Blue Owl BDC's CEO Craig Packer speaks during an interview with CNBC on the floor at the New York Stock Exchange (NYSE) in New York City, U.S., Nov. 19, 2025.
The latest tremor in the private credit world involved a deal that should've been reassuring to markets.
Blue Owl , a direct lender specializing in loans to the software industry, said Wednesday it had sold $1.4 billion of its loans to institutional investors at 99.7% of par value.
That means sophisticated players scrutinized the loans and the companies involved and felt comfortable paying nearly full price for the debt, a message that Blue Owl co-President Craig Packer sought to convey in interviews several times this week.
But instead of calming markets, it sent shares of Blue Owl and other alternative asset managers diving on fears of what could follow. That's because as part of the asset sale, Blue Owl announced it was replacing voluntary quarterly redemptions with mandated "capital distributions" funded by future asset sales, earnings or other transactions.

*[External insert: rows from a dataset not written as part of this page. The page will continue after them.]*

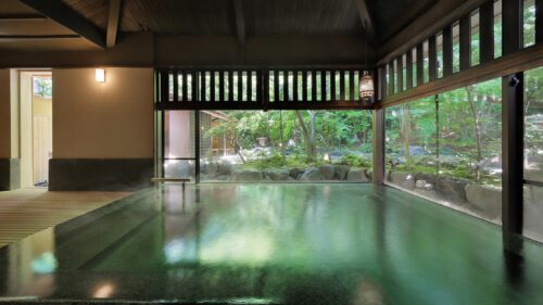 大露天風呂「武蔵の湯」と「つうの湯」は、四季折々の自然に包まれながら静かに湯に浸かることができ、時間の流れがゆるやかに感じられます。この格式高い空間と最高のお湯を享受できるのは、人生の節目にふさわしい贅沢です。肌を滑る柔らかなお湯と、竹林のそよぎが、心身を深い瞑想状態へと導きます。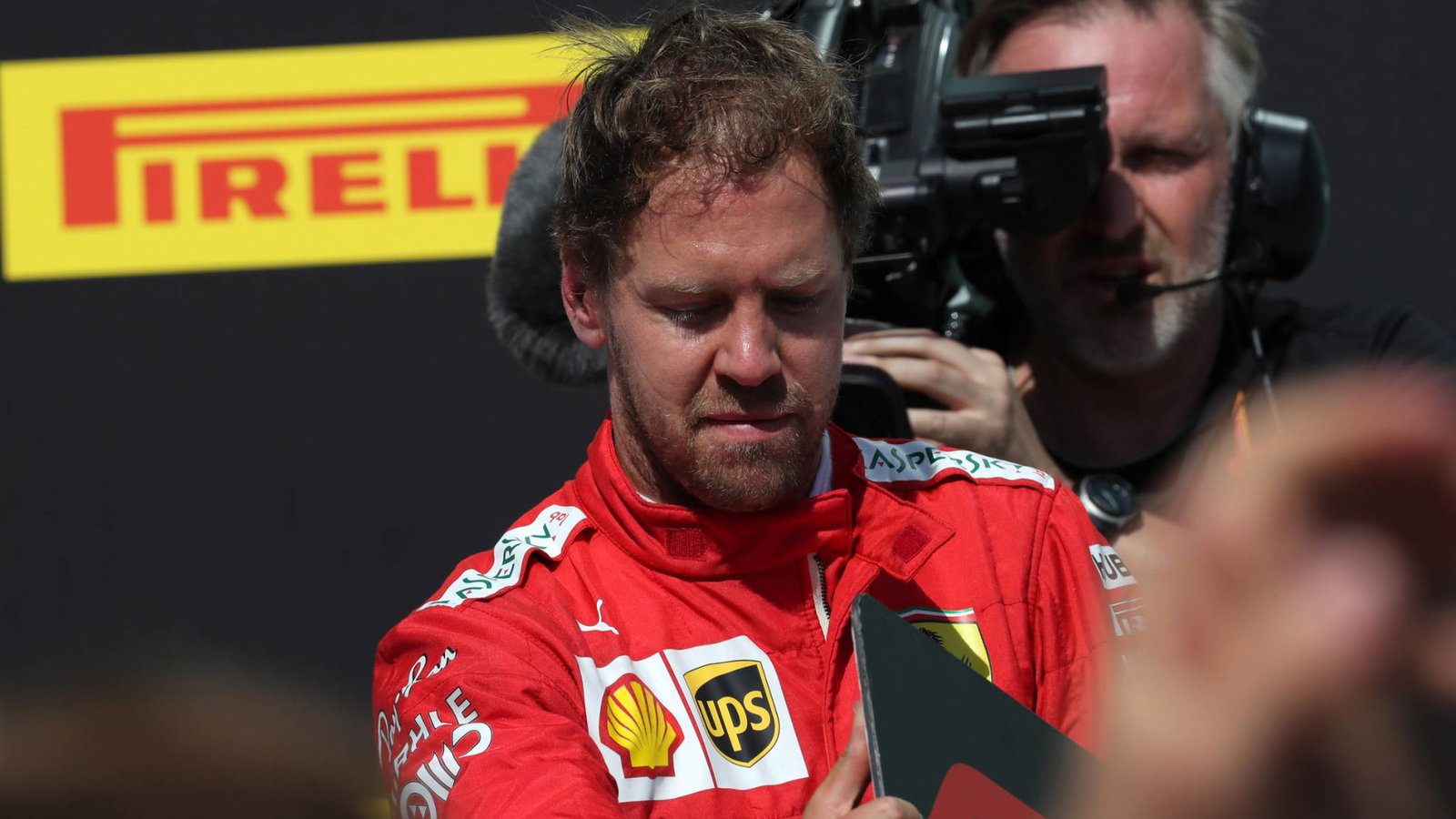 Vettel kehilangan kendali atas mobil SF90-nya yang melintasi rumput di Belok 3 sebelum memotong kembali ke trek dan menutup pintu di Hamilton. Penalti berikutnya memicu reaksi marah yang termasuk dia menukar papan penanda posisi di bawah podium di parc ferme.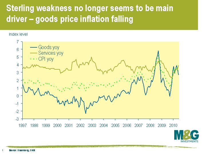 The reason for inflation coming in higher than expected was down to the services component (see chart), which is also a bit worrying. Goods price inflation (currently 55% of the CPI bucket) had been the main driver of the UK inflation rate, with part of the reason likely to have been the lagged effect of sterling weakness (see previous blog here). However, an increase in the services component (45% of CPI) suggests that inflationary pressure is beginning to come from domestic sources rather than international sources.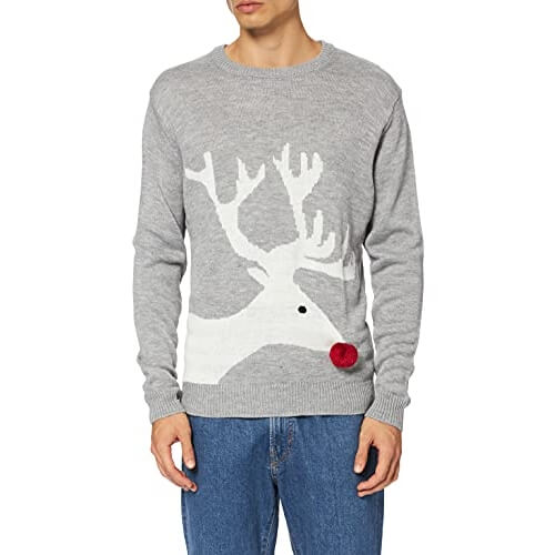 Vous vous souvenez de Rodolphe, le renne au nez rouge ? Oubliez tout ce que vous savez sur ce personnage emblématique de Noël. Ce pull prend l’image de Rodolphe et la transforme en une sorte de spectre difforme. Le pompon rouge, censé être son nez, est la seule chose qui rappelle vaguement le personnage original.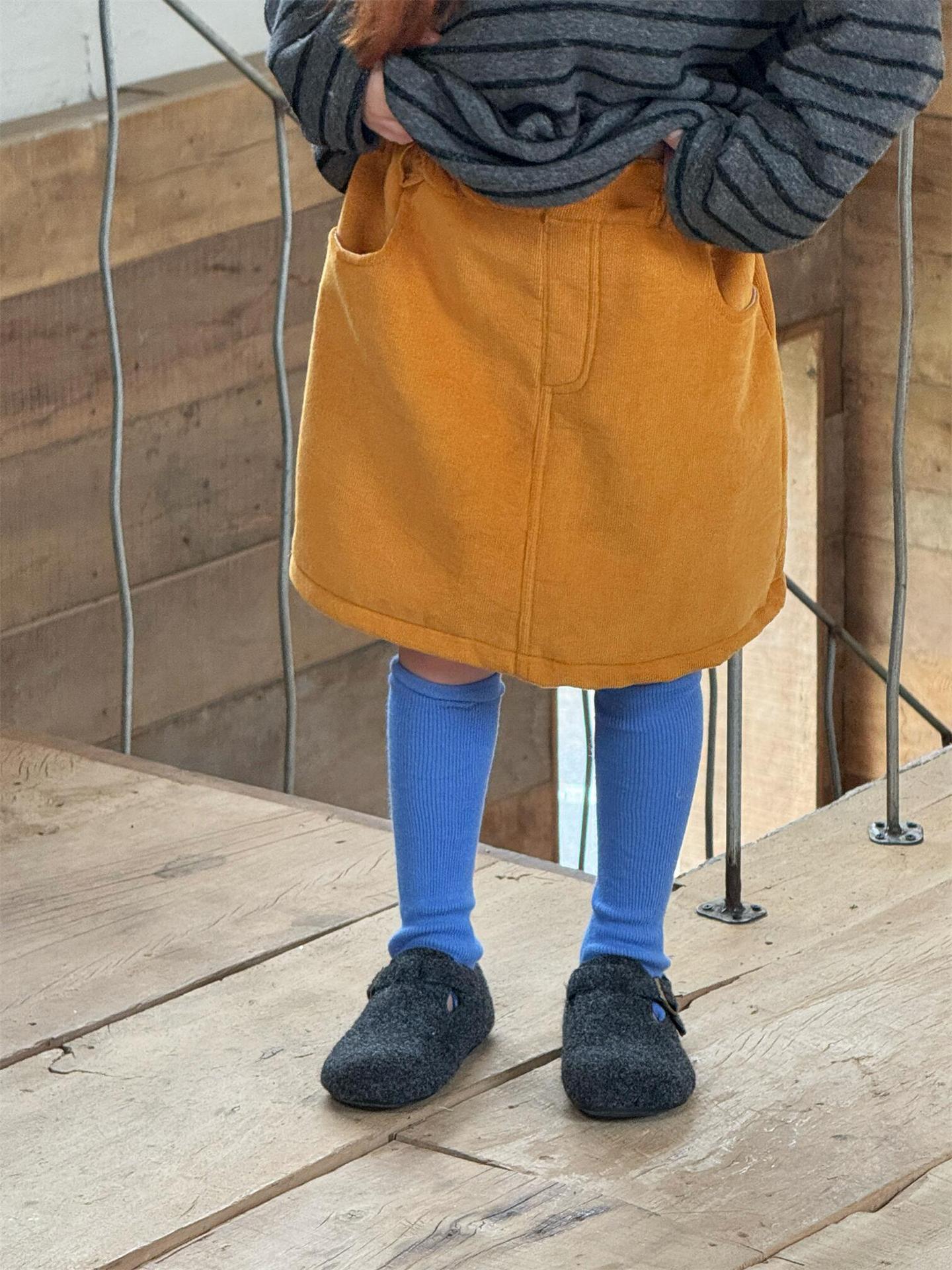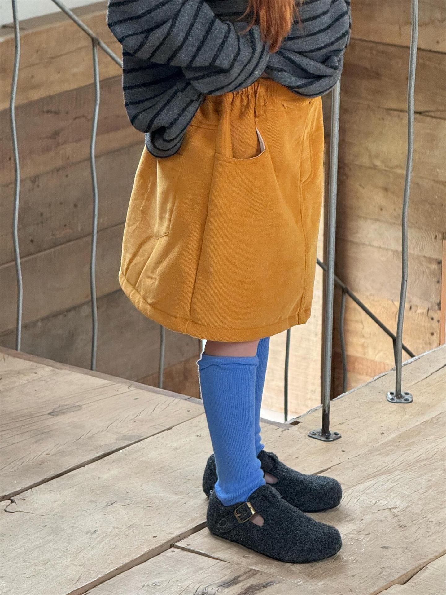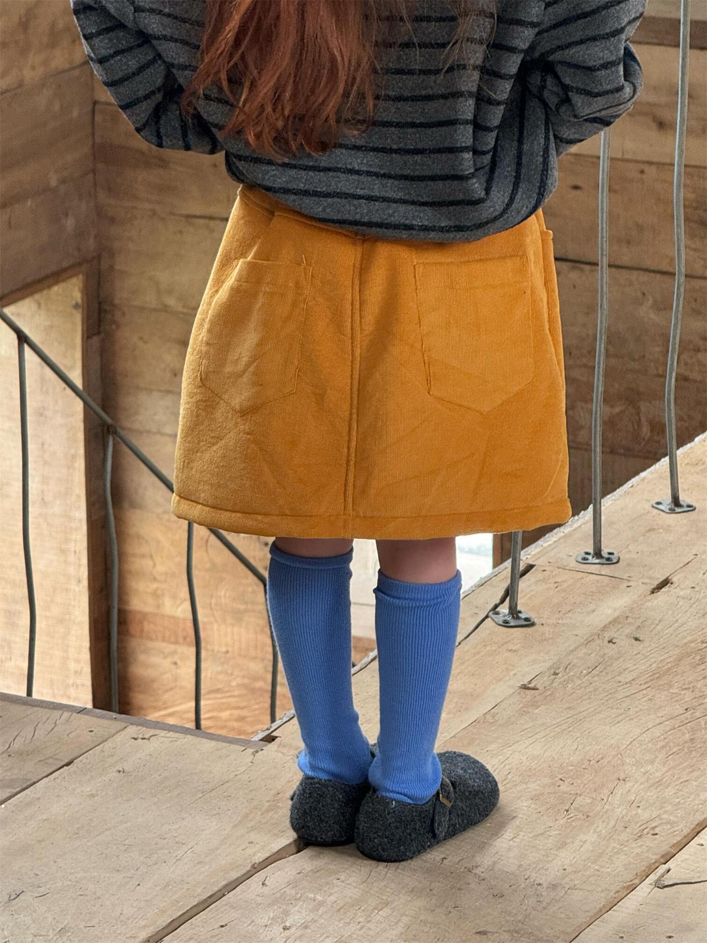 カラフルな色合いが目を引くコーデュロイのタイトスカート。裏起毛のフリース素材が一体化しており、寒い季節でも暖かく快適に過ごせる子ども服です。便利なポケット付きのデザインと、明るいショート丈のスカートは、カジュアルながらもおしゃれな雰囲気を演出。着回しやすく、デイリーのコーディネートに活発さとスタイリッシュな印象をプラスするアイテムです。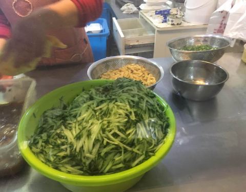 - 一碗碗凉皮拌着飞快,很快就到我们了,还是按照惯常的那样,点了特色凉皮+鱼香鸡蛋的组合,口感依然蛮好的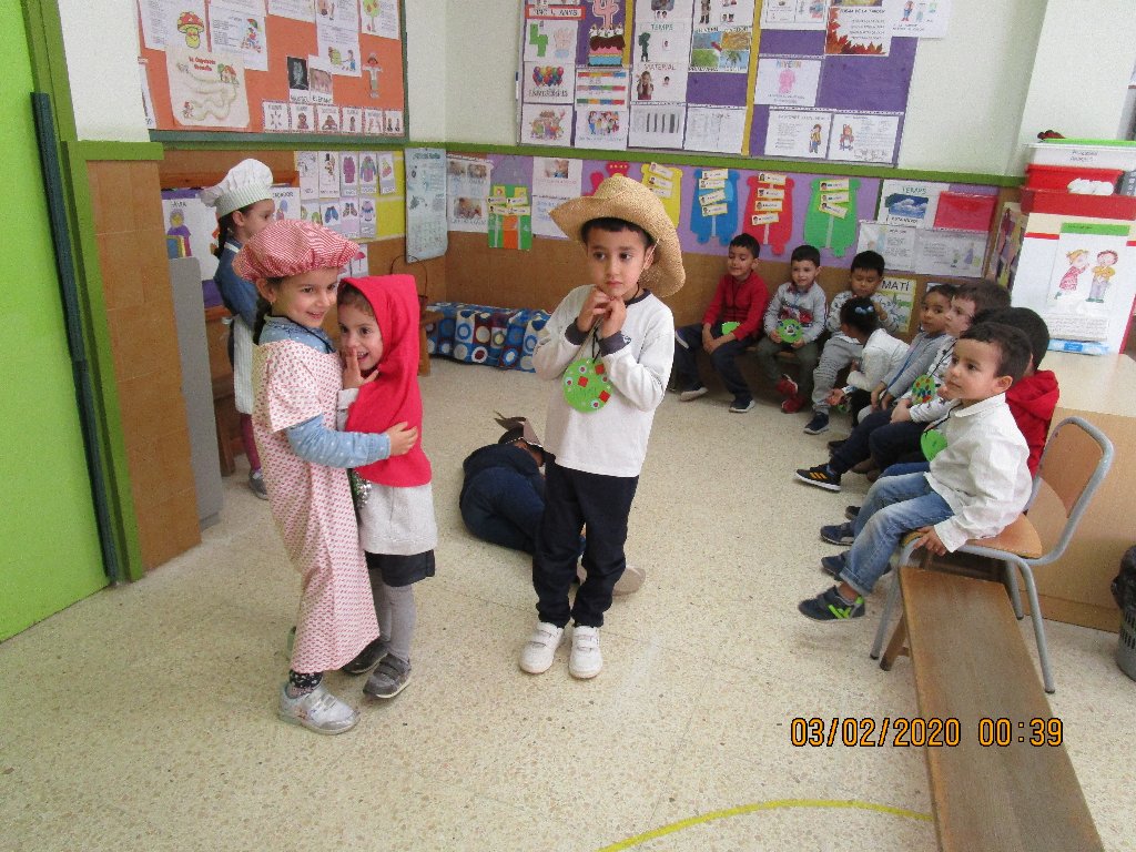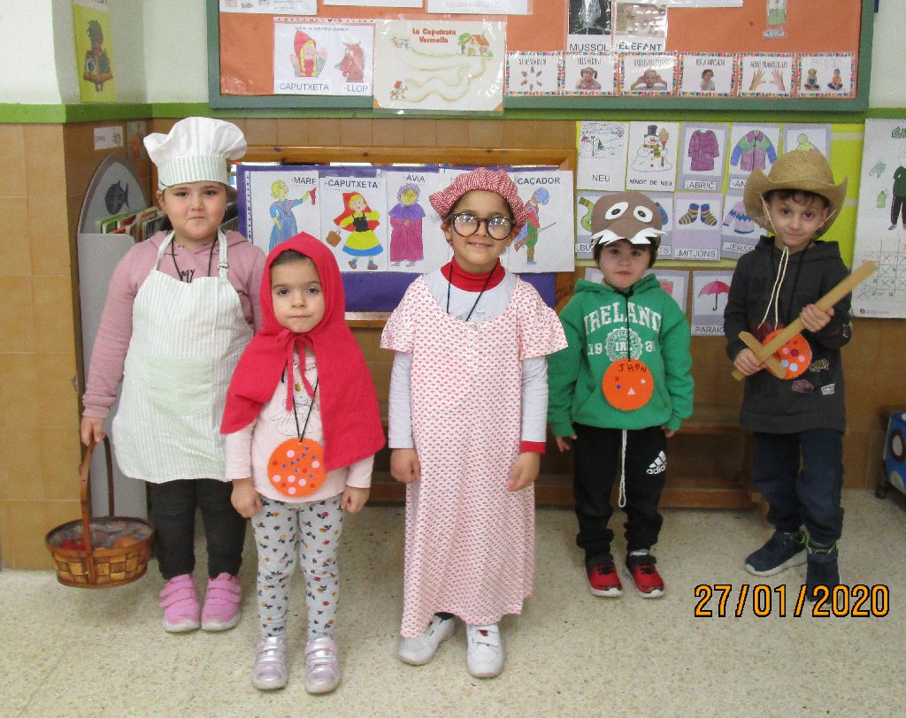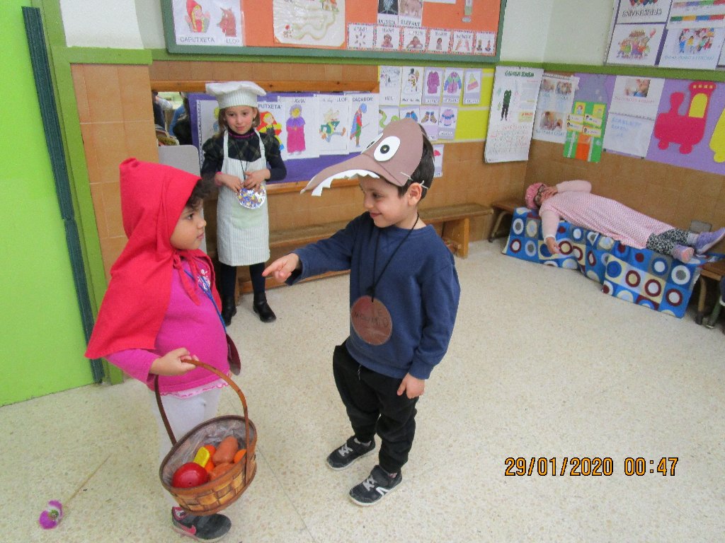 Un dels contes que he explicat en format paper i amb suport visual de làmines dels personatges, és el conte de LA CAPUTXETA VERMELLA. Un cop els hi he explicat, els hi dic: Ara me l’expliqueu vosaltres! I pregunto qui vol representar a cada personatge. I cada infant es posa la disfressa que caracteritza a cada personatge. Primer representa el conte un grup d’alumnes i l’altre grup escolta i després a l’inrevés.

"The optics are bad, even if the loan book is fine," Brian Finneran of Truist Securities wrote in commentary circulated Thursday. "Most investors are interpreting the sales to mean that redemptions accelerated and led to forced sales of higher quality assets to meet requests."
Blue Owl's move was widely interpreted as the firm halting redemptions from a fund under pressure, even as Packer pointed out investors would get about 30% of their money back by March 31, far more than the 5% allowed under its previous quarterly schedule.
"We're not halting redemptions, we're just changing the form," Packer told CNBC on Friday. "If anything, we're accelerating redemptions."